### WHAT TO WORK ON
A faithful copy of all the entries is required, with no pictures in it.

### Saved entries
○ ○ ○ ○ ○
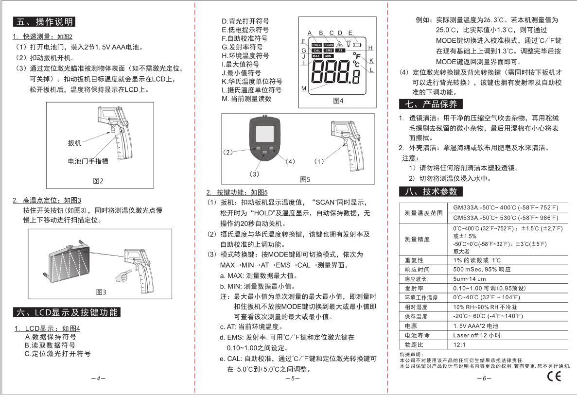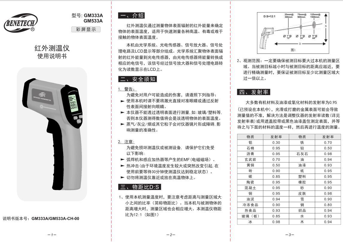 GM333A: Versión con pantalla a color; rango de medición -50℃~400℃, relación distancia al objeto 12:1, función de pantalla a color, función de autocalibración, emisividad ajustable, funciones de medición grande, pequeña, promedio y diferencia de temperatura, ajuste de alarma de temperatura alta y baja
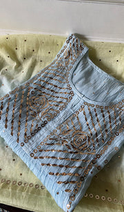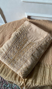 There's a whole lot of people who still want the perfect fit and are never satisfied with the standard size fits. For those people we at Nazrana Chikan offer Chikan Unstitched Kurti Material. Kurti fabrics with different embroidery designs such neck embroidery or daman embroidery.
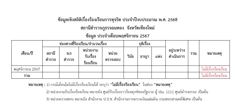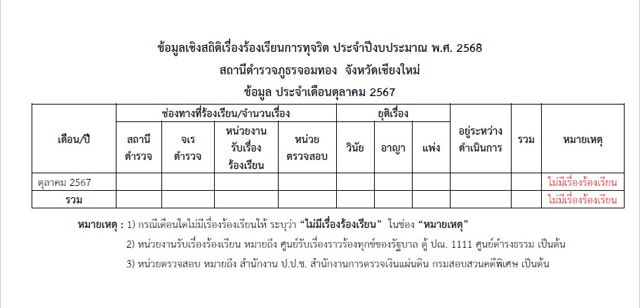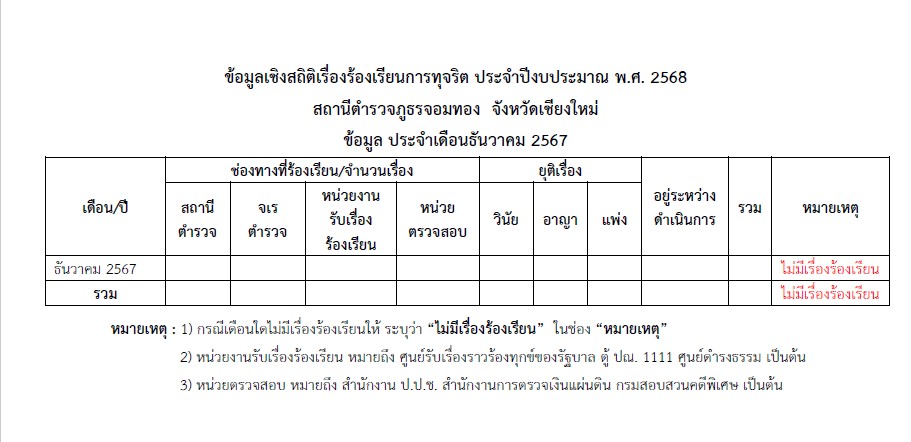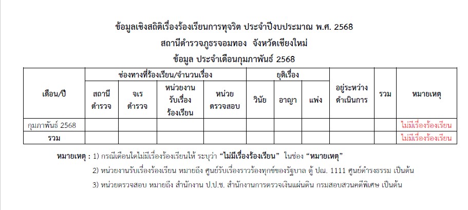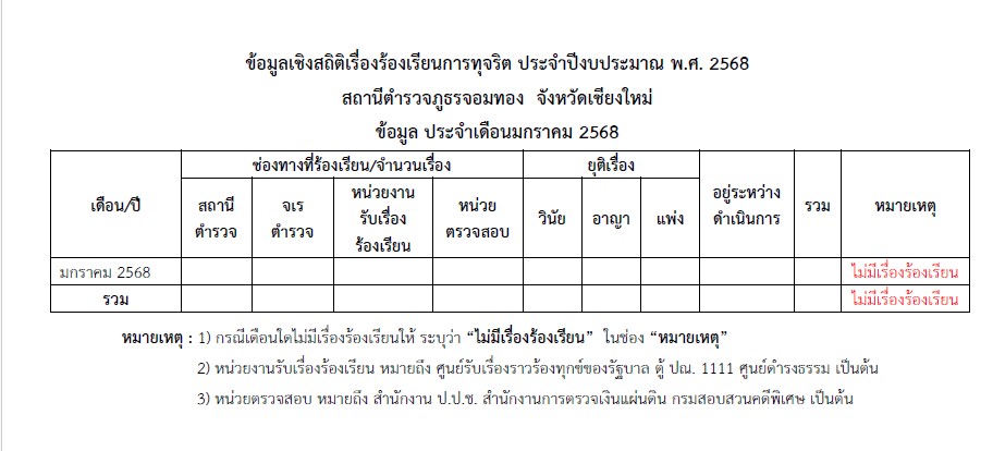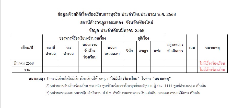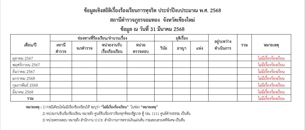 ข้อมูลสถิติเรื่องร้องเรียนการทุจริตและประพฤติมิชอบของเจ้าหน้าที่ของสถานีตำรวจภูธรจอมทอง
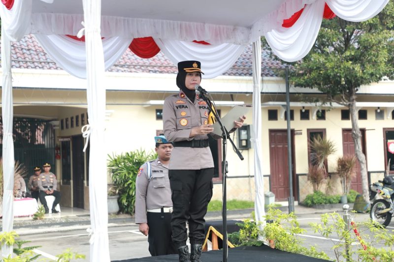 Upacara apel keselamatan lalu lintas ini dipimpin langsung oleh Waka Polres Kediri Kompol Verawaty Thaib S.I.K.
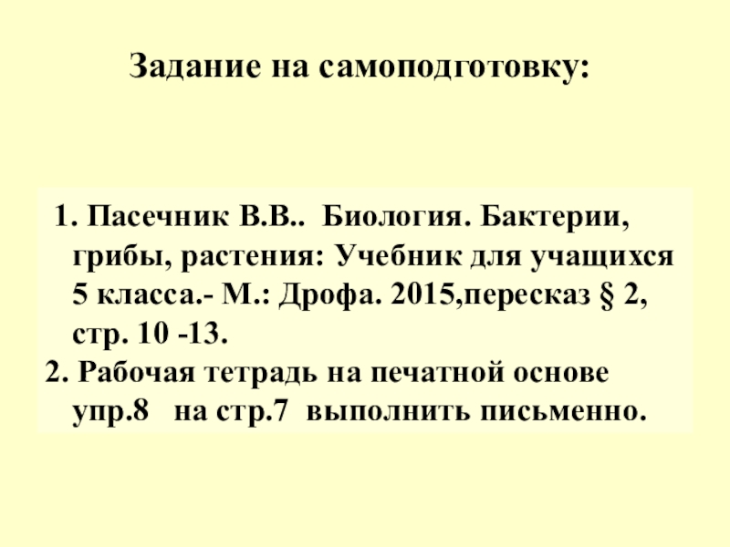 Задание на самоподготовку:
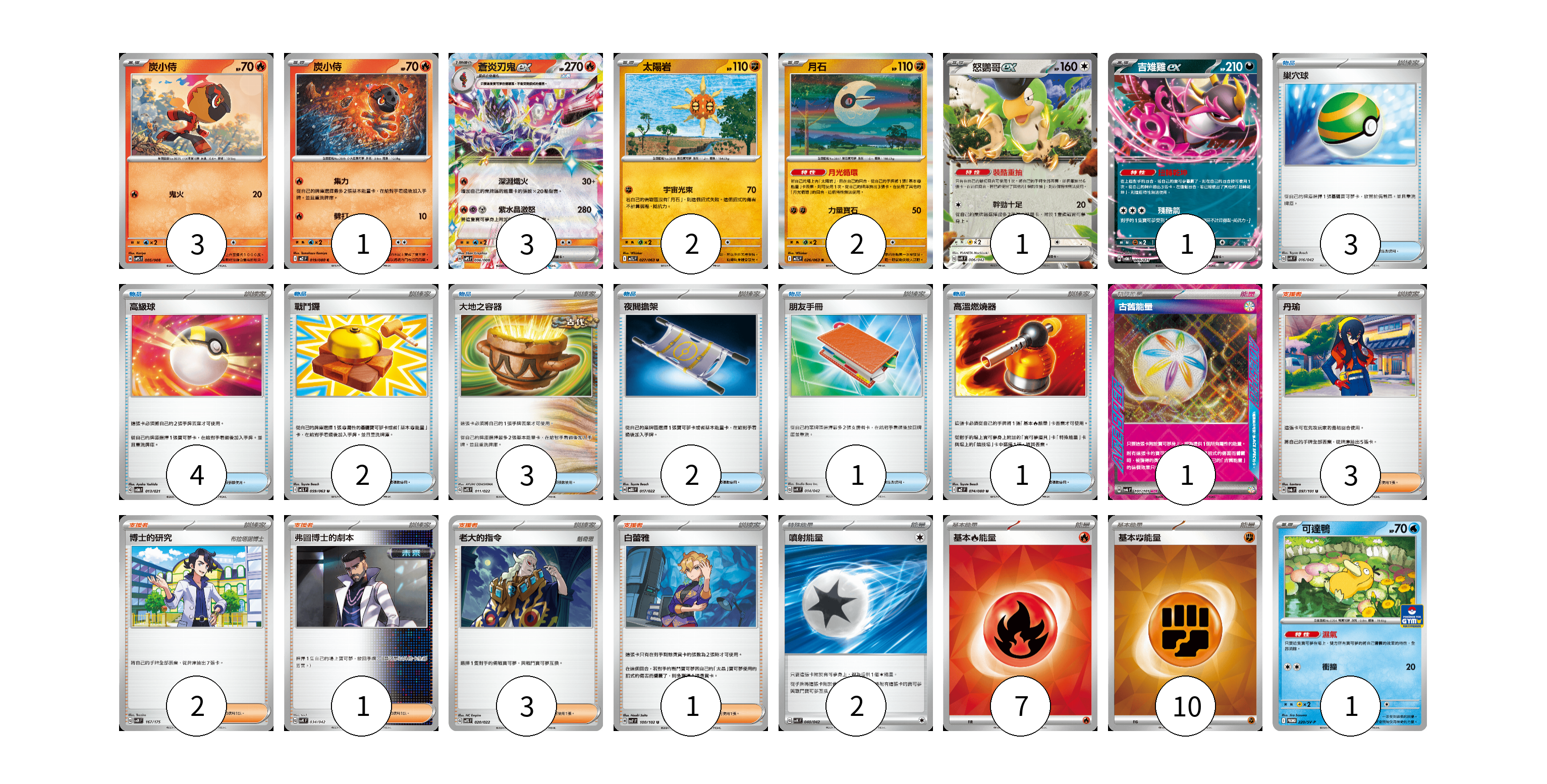 牌組構築方案 以此牌組為基礎新構築牌組 顯示卡面 顯示列表 寶可夢卡(14) 3 1 3 2 2 1 1 1 物品卡(16) 3 4 2 3 2 1 1 支援者卡(10) 3 2 1 3 1 能量卡(20) 1 2 7 10 寶可夢卡(14) 卡牌名稱 張數 卡牌名稱 張數 炭小侍 SVPS 005/008 03 炭小侍 M2 019/080 01 蒼炎刃鬼ex SVPS 006/008 03 太陽岩 M1L 027/063 02 月石 M1L 026/063 02 怒鸚哥ex SVK 006/042 01 吉雉雞ex SVOM 009/021 01 可達鴨 SV-P 220/SV-P 01 物品卡(16) 卡牌名稱 張數 卡牌名稱 張數 巢穴球 SVK 016/042 03 高級球 SVOM 013/021 04 戰鬥鑼 M1L 059/063 02 大地之容器 SVTS 011/022 03 夜間擔架 MBG 017/022 02 朋友手冊 SVK 014/042 01 高溫燃燒器 M2 074/080 01 支援者卡(10) 卡牌名稱 張數 卡牌名稱 張數 丹瑜 SV6 097/101 03 博士的研究 SVM 167/175 02 弗圖博士的劇本 SVK 034/042 01 老大的指令 SVTS 020/022 03 白蕾雅 SV7 100/102 01 能量卡(20) 卡牌名稱 張數 卡牌名稱 張數 古舊能量 SV6 101/101 01 噴射能量 SVK 040/042 02 基本【火】能量 SVK FIR 07 基本【鬥】能量 SVK FIG 10 以此牌組為基礎新構築牌組 牌組編碼 cstCGF-zsfFwC-QpFTMv copy 列印牌組單 牌組編碼已複製 分享至SNS
○ ○ ○ ○ ○
### EXERCISE SOLUTION
 GM333A: Versión con pantalla a color; rango de medición -50℃~400℃, relación distancia al objeto 12:1, función de pantalla a color, función de autocalibración, emisividad ajustable, funciones de medición grande, pequeña, promedio y diferencia de temperatura, ajuste de alarma de temperatura alta y baja
 There's a whole lot of people who still want the perfect fit and are never satisfied with the standard size fits. For those people we at Nazrana Chikan offer Chikan Unstitched Kurti Material. Kurti fabrics with different embroidery designs such neck embroidery or daman embroidery.
 ข้อมูลสถิติเรื่องร้องเรียนการทุจริตและประพฤติมิชอบของเจ้าหน้าที่ของสถานีตำรวจภูธรจอมทอง
 Upacara apel keselamatan lalu lintas ini dipimpin langsung oleh Waka Polres Kediri Kompol Verawaty Thaib S.I.K.
 Задание на самоподготовку:
 牌組構築方案 以此牌組為基礎新構築牌組 顯示卡面 顯示列表 寶可夢卡(14) 3 1 3 2 2 1 1 1 物品卡(16) 3 4 2 3 2 1 1 支援者卡(10) 3 2 1 3 1 能量卡(20) 1 2 7 10 寶可夢卡(14) 卡牌名稱 張數 卡牌名稱 張數 炭小侍 SVPS 005/008 03 炭小侍 M2 019/080 01 蒼炎刃鬼ex SVPS 006/008 03 太陽岩 M1L 027/063 02 月石 M1L 026/063 02 怒鸚哥ex SVK 006/042 01 吉雉雞ex SVOM 009/021 01 可達鴨 SV-P 220/SV-P 01 物品卡(16) 卡牌名稱 張數 卡牌名稱 張數 巢穴球 SVK 016/042 03 高級球 SVOM 013/021 04 戰鬥鑼 M1L 059/063 02 大地之容器 SVTS 011/022 03 夜間擔架 MBG 017/022 02 朋友手冊 SVK 014/042 01 高溫燃燒器 M2 074/080 01 支援者卡(10) 卡牌名稱 張數 卡牌名稱 張數 丹瑜 SV6 097/101 03 博士的研究 SVM 167/175 02 弗圖博士的劇本 SVK 034/042 01 老大的指令 SVTS 020/022 03 白蕾雅 SV7 100/102 01 能量卡(20) 卡牌名稱 張數 卡牌名稱 張數 古舊能量 SV6 101/101 01 噴射能量 SVK 040/042 02 基本【火】能量 SVK FIR 07 基本【鬥】能量 SVK FIG 10 以此牌組為基礎新構築牌組 牌組編碼 cstCGF-zsfFwC-QpFTMv copy 列印牌組單 牌組編碼已複製 分享至SNS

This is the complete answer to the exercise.